На высокой скале, над "Монастырским" проливом, покоится старое валаамское кладбище. Так и сказал нам кто-то из монахов: "покоится". Отделяет его от святой обители каменная белая ограда. В обители глухая тишина: дремлет Валаам под усыпляющий шепот сосен, под всплески Ладоги; а здесь уж не тишина, а глуше и глубже тишины: покой. Так и подумал тогда: "могильная тишина". И стало понятно мне книжное это выражение. Старые клены, липы, в золоте и багрянце августа, роняют листья на бугорки-могилки, поросшие травою. Весь Валаам из камня, много гранита и мрамора у него, но не видно надгробных памятников. Не любят иноки валаамские надгробий: память – богоугодное житие. У Господа – все на памяти. Круглые камушки на травяных бугорках кой-где.
  "Послушник Василий.
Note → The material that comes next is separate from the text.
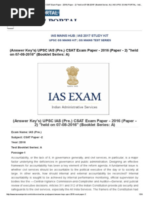 Your comments will help us prepare correct answer keys for the upsc exams. Read the following two passages and answer the items that follow each passage. 3 is definitely not the purpose so by elimination the answer is a. Download upsc ias pre csat exam paper 2016 paper 2 held on 07 08 2016 exam name.

Преставился лета 1871, апреля в 26-й день, 23 лет от роду", – читаю я на круглячке могильном. Кто он, откуда родом, зачем пришел на это глухое кладбище в такие годы? "Меня еще и на свете не было, а уж он...!" – пробегает в душе печалью, и заливает радостное сознание, что я жив, молод, а впереди... сколько же впереди, в с е г о! Я смотрю на мою жену, юную, как и я, и говорящие глаза наши встречаются в одном чувстве: какая радость, и сколько же впереди – в с е г о! Нам тесно на этом кладбище. Уйти бы... Но провожающий нас монах смущает: сразу уйти неловко, надо взглянуть "на схимонахов".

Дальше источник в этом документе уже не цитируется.